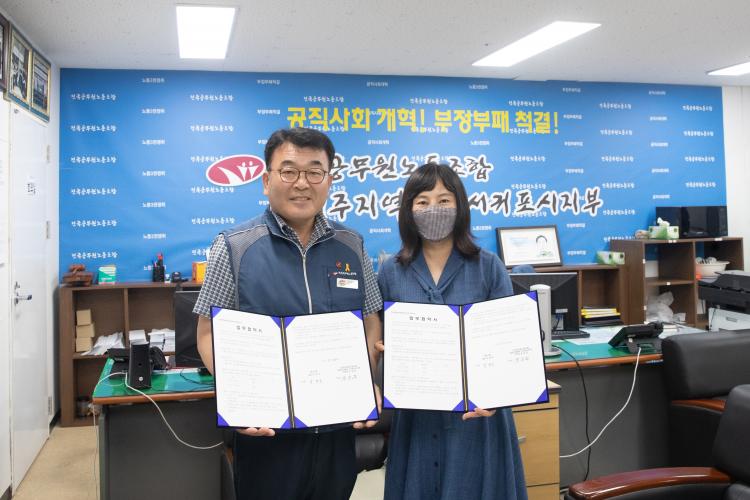 Àü±¹°ø¹«¿ø³ëµ¿Á¶ÇÕ ¼±ÍÆ÷½ÃÁöºÎ Àå½Â¿î ÁöºÎÀåÀº ¡°¾÷¹«Çù¾àÀ» ü°áÇÔ¿¡ µû¶ó Á¶ÇÕ¿øÀº 10%ÀÇ ÇÒÀÎµÈ °¡°ÝÀ¸·Î ÀÌ Ä«Æä¸¦ ÀÌ¿ëÇÒ ¼ö ÀÖ´Ù.¡±¸é¼ ¡°¹«¾ùº¸´Ù °øÁ÷ÀÚ¿Í »çȸÀû±â¾÷ÀÌ »ó»ýÀÇ ±æÀ» ¿¾ú´Ù´Â µ¥¿¡ ÀÇÀǰ¡ ÀÖ´Ù°í ÇÒ ¼ö ÀÖ´Ù.¡±¸é¼ Àû±ØÀûÀÎ Âü¿©¸¦ ¹Ù·¨´Ù.
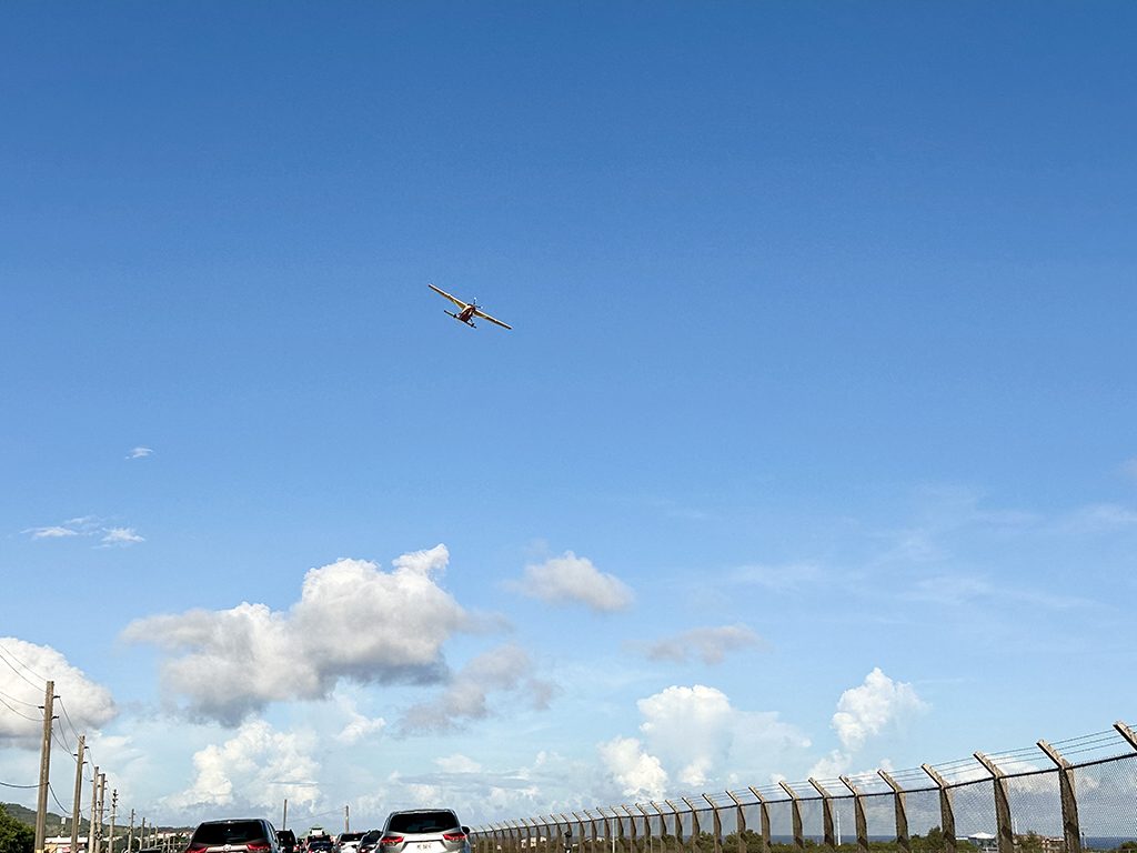 民間旅客機だけでなく、オプショナルツアーのセスナ機やスカイダイビングの飛行機などもグアム国際空港内の一部エリアを利用しているので、空港周辺で見ることができます。上写真はセスナ機のようです。
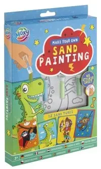 Nowa, kreatywna forma spędzania czasu dla dzieci-obrazki do pokrywania kolorowym piaskiem. Obrazki zawierają pola pokryte klejem, które po ich odsłonięciu można posypywać piaskiem i w ten sposób je kolorować. Każdy obrazek to kolejna okazja do wyboru najciekawszych połączeń kolorów. Zestaw zawiera:
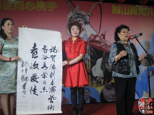 據(jù)了解,這是自1994年第一次收徒起,谷秀榮18年來最隆重的一次收徒儀式,66歲的她在收徒現(xiàn)場激動(dòng)不已,她說:“我今天不是在收徒,而是在交志同道合的好友?!彼硎編熗絺円獢y手為熱愛戲曲的人放聲歌唱。
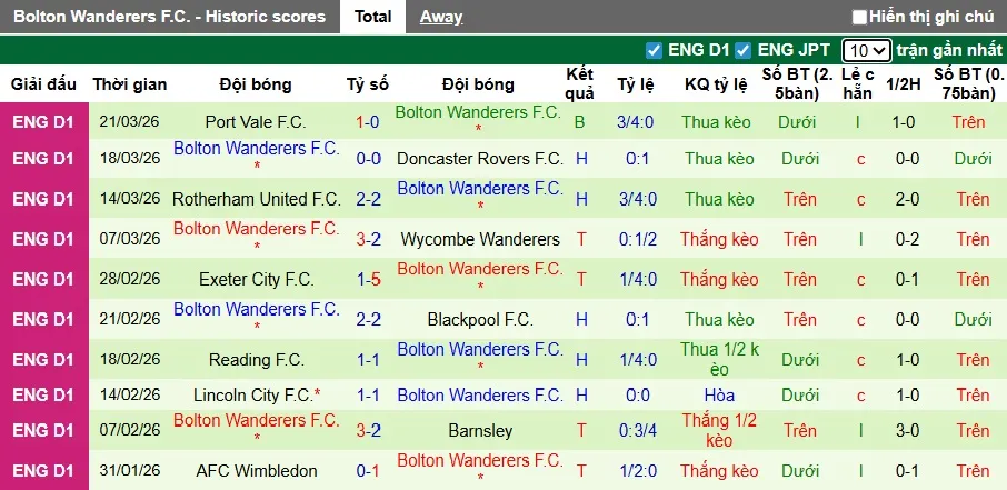 Thống kê phong độ 10 trận đấu gần nhất của Bolton
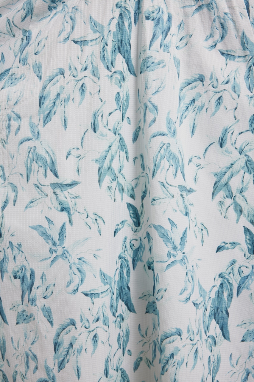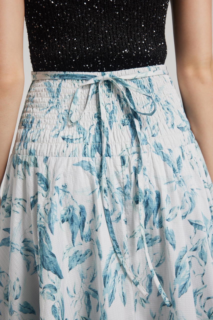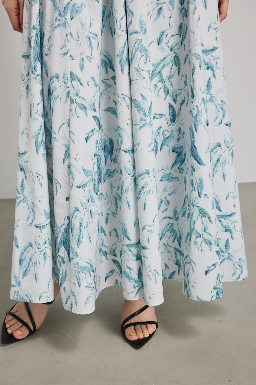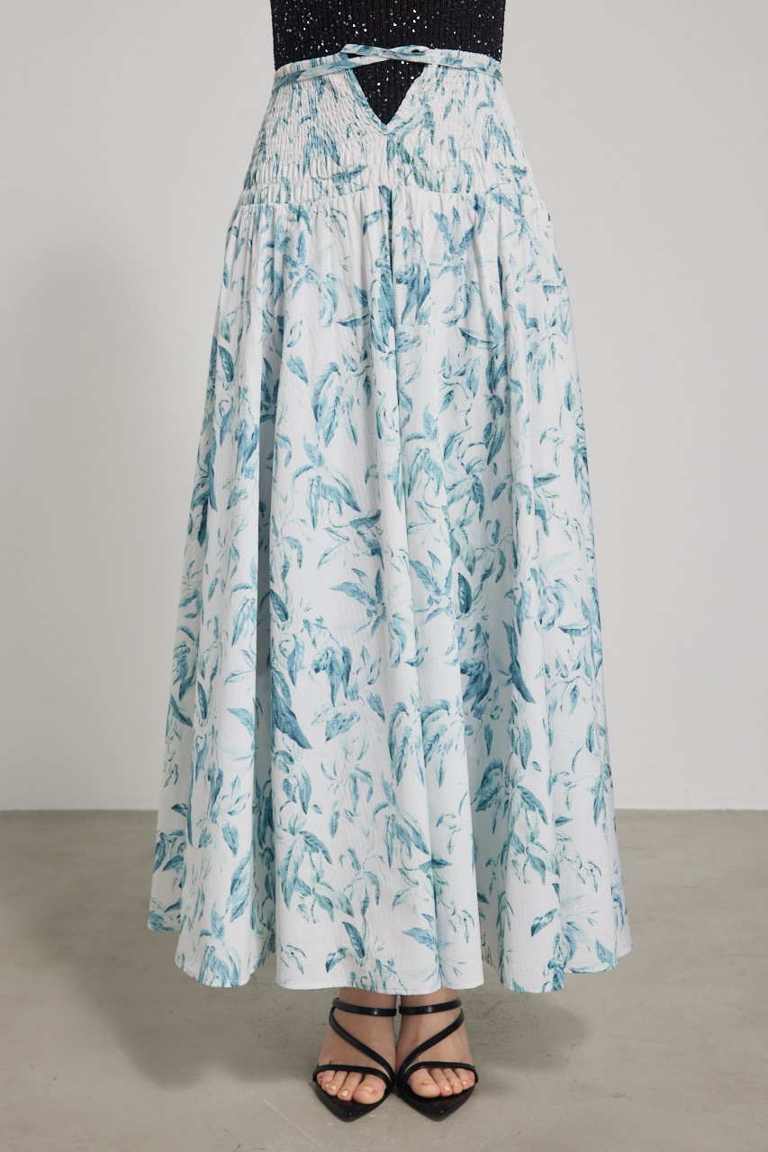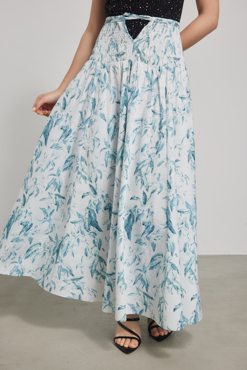 昨年も販売して大好評を得たV&A限定プリントのスカートからインスピレーションを得たアイテム。110HS631-0931と同型を使用し、プリント色は土台は落ち着いたアイボリーを使い、葉と葉脈を緩いカーブ状に配置し大人っぽいBLUの濃淡の色使いで表現しました。
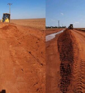 Máquinas estão roncando para que a estrada fique “acima” do limite das lavouras no antigo traçado da MT-140, no Distrito de Boa Esperança. A ação, que está sendo executada em um trecho de 15 quilômetros nesta via, garante que durante o período da chuvarada, a água das lavouras não invada a estrada, evitando grandes estragos que possam impedir.
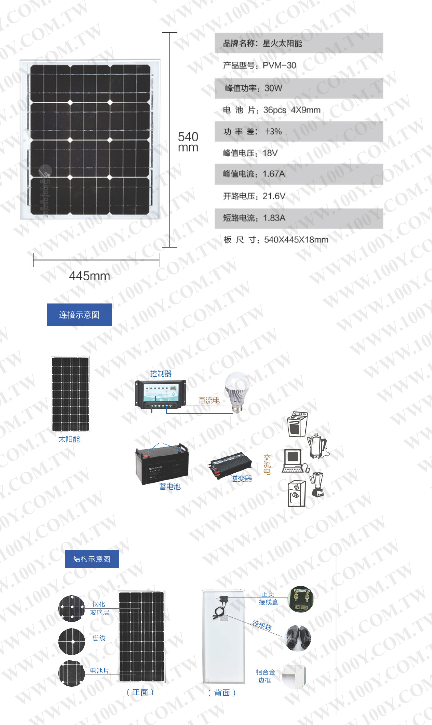 30W 單晶太陽能板 18V/1.67A 540*445*18MM

○ ○ ○ ○ ○

Assigned task | Could you repeat, exactly and with nothing else, the lines from the one containing "Máquinas estão roncando" through the last line of the records above, leaving out the pictures?

Output of the task |
 Máquinas estão roncando para que a estrada fique “acima” do limite das lavouras no antigo traçado da MT-140, no Distrito de Boa Esperança. A ação, que está sendo executada em um trecho de 15 quilômetros nesta via, garante que durante o período da chuvarada, a água das lavouras não invada a estrada, evitando grandes estragos que possam impedir.
 30W 單晶太陽能板 18V/1.67A 540*445*18MM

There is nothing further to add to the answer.